### Your objective
Each line of the data below should be restated exactly, with images left out.

--- Data below Enclosed Below ---

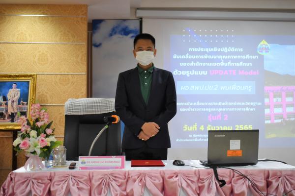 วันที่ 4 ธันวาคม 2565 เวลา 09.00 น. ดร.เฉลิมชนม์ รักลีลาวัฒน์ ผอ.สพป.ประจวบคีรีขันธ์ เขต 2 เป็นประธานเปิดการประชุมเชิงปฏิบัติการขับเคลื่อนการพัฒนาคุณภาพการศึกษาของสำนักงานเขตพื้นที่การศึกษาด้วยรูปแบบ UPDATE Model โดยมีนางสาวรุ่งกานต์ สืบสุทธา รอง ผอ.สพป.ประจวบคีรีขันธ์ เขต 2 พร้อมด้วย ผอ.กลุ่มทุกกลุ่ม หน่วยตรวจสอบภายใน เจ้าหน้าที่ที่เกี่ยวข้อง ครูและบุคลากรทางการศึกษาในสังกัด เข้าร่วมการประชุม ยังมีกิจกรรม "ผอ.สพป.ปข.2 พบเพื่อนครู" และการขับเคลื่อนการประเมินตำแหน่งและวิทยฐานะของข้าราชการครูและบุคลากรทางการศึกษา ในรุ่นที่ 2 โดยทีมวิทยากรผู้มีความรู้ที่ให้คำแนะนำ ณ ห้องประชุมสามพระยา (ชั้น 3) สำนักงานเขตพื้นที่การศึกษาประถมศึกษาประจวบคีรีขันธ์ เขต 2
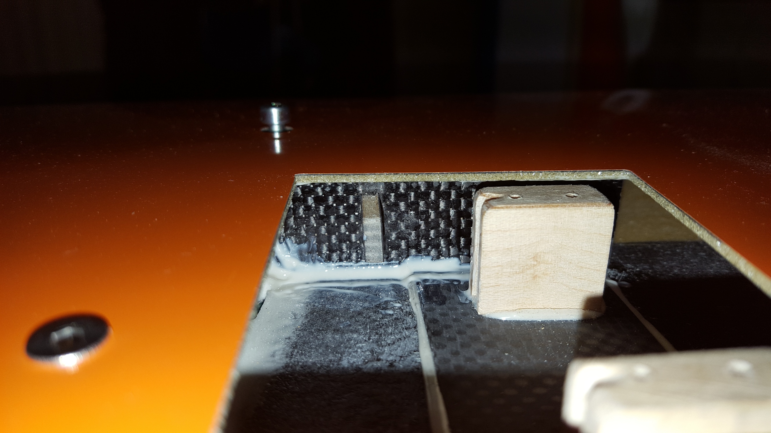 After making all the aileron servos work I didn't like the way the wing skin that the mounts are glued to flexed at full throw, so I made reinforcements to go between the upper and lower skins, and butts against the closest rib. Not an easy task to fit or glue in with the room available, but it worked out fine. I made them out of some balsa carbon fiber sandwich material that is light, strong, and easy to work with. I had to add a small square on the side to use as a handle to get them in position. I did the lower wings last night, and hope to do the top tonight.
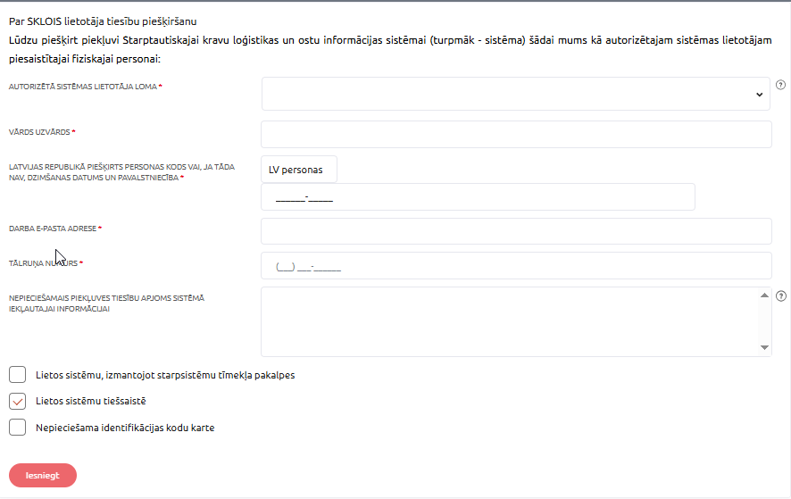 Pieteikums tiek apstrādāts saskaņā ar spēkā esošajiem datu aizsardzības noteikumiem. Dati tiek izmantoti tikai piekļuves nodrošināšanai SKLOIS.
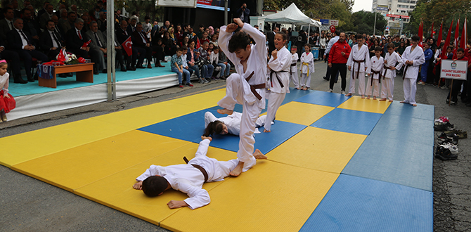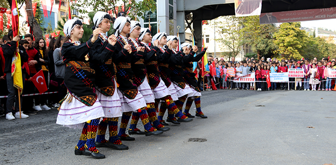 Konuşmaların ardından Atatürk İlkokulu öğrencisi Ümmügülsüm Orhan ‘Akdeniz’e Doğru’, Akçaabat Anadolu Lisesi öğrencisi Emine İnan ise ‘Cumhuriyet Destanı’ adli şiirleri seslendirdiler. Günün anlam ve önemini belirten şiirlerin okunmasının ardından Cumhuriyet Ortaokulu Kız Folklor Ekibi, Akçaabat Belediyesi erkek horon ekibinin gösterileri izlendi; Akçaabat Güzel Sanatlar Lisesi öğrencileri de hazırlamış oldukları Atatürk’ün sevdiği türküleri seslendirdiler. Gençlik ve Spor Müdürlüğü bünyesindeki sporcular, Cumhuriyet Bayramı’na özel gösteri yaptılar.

--- End of Enclosed Data below ---

### Exercise result
 วันที่ 4 ธันวาคม 2565 เวลา 09.00 น. ดร.เฉลิมชนม์ รักลีลาวัฒน์ ผอ.สพป.ประจวบคีรีขันธ์ เขต 2 เป็นประธานเปิดการประชุมเชิงปฏิบัติการขับเคลื่อนการพัฒนาคุณภาพการศึกษาของสำนักงานเขตพื้นที่การศึกษาด้วยรูปแบบ UPDATE Model โดยมีนางสาวรุ่งกานต์ สืบสุทธา รอง ผอ.สพป.ประจวบคีรีขันธ์ เขต 2 พร้อมด้วย ผอ.กลุ่มทุกกลุ่ม หน่วยตรวจสอบภายใน เจ้าหน้าที่ที่เกี่ยวข้อง ครูและบุคลากรทางการศึกษาในสังกัด เข้าร่วมการประชุม ยังมีกิจกรรม "ผอ.สพป.ปข.2 พบเพื่อนครู" และการขับเคลื่อนการประเมินตำแหน่งและวิทยฐานะของข้าราชการครูและบุคลากรทางการศึกษา ในรุ่นที่ 2 โดยทีมวิทยากรผู้มีความรู้ที่ให้คำแนะนำ ณ ห้องประชุมสามพระยา (ชั้น 3) สำนักงานเขตพื้นที่การศึกษาประถมศึกษาประจวบคีรีขันธ์ เขต 2
 After making all the aileron servos work I didn't like the way the wing skin that the mounts are glued to flexed at full throw, so I made reinforcements to go between the upper and lower skins, and butts against the closest rib. Not an easy task to fit or glue in with the room available, but it worked out fine. I made them out of some balsa carbon fiber sandwich material that is light, strong, and easy to work with. I had to add a small square on the side to use as a handle to get them in position. I did the lower wings last night, and hope to do the top tonight.
 Pieteikums tiek apstrādāts saskaņā ar spēkā esošajiem datu aizsardzības noteikumiem. Dati tiek izmantoti tikai piekļuves nodrošināšanai SKLOIS.
 Konuşmaların ardından Atatürk İlkokulu öğrencisi Ümmügülsüm Orhan ‘Akdeniz’e Doğru’, Akçaabat Anadolu Lisesi öğrencisi Emine İnan ise ‘Cumhuriyet Destanı’ adli şiirleri seslendirdiler. Günün anlam ve önemini belirten şiirlerin okunmasının ardından Cumhuriyet Ortaokulu Kız Folklor Ekibi, Akçaabat Belediyesi erkek horon ekibinin gösterileri izlendi; Akçaabat Güzel Sanatlar Lisesi öğrencileri de hazırlamış oldukları Atatürk’ün sevdiği türküleri seslendirdiler. Gençlik ve Spor Müdürlüğü bünyesindeki sporcular, Cumhuriyet Bayramı’na özel gösteri yaptılar.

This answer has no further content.